Салли Фитцджеральд: Ее любили и ценили все ее литературные современники, поэты Роберт Лоуэлл и Элизабет Бишоп, которая говорила, что в одном рассказе О’Коннор больше поэзии, чем в дюжине поэтических сборников, Кэтрин Энн Портер, Алан Тейт, Ивлин Во. Смешно, что Фолкнер прочел Фланнери О’Коннор раньше, чем она прочла его. Фолкнер сразу ее оценил. Оба они не были романтиками.
Марина Ефимова: Фланнери О’Коннор умерла так рано, что почти все комплименты в ее адрес написаны в прошедшем времени.
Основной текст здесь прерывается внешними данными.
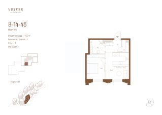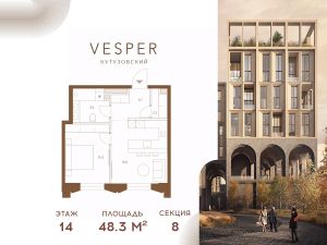 Продается 1-комнатная квартира без отделки, в корпусе 8.2 общей площадью 48,3 кв.м. на 14 этаже.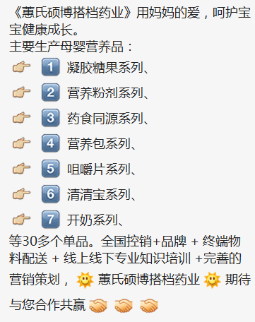 主要生產(chǎn)母嬰營養(yǎng)品︰凝膠糖果系列、營養(yǎng)粉劑系列、藥食同源系列、營養(yǎng)包系列、咀嚼片系列、清清寶系列、開奶系列等30多個(gè)單品。全國控銷+品牌+終端物料配送+線上線下專業(yè)知識培訓(xùn)+完善的營銷策劃,蕙氏碩博搭檔藥業(yè),期待與您合作共贏。

Писатель и теолог Томас Мертон после ее смерти писал.
Диктор: "Когда я ищу, с кем сравнить Фланнери, я думаю не о Хемингуэе, не о Кэтрин Энн Портер или Сартре, а, скорее, о Софокле. Я пишу ее имя с гордостью за ту правду и то мастерство, с которыми она описала падение и бесчестье человека".
Марина Ефимова: "Все истории Фланнери О’Коннор написаны о действиях высших сил в низкой жизни простых смертных, - пишет литературный критик Кэролайн Гордон. - Эти действия - столь деликатная материя, что при попытках их воплощения терпели поражение многие мастера. Мы не любим незнакомое. Ничего удивительного поэтому, что большинство критиков пыталось налеплять на О’Коннор все известные клише, подменяя ими понимание ее оригинальных и ранящих душу произведений".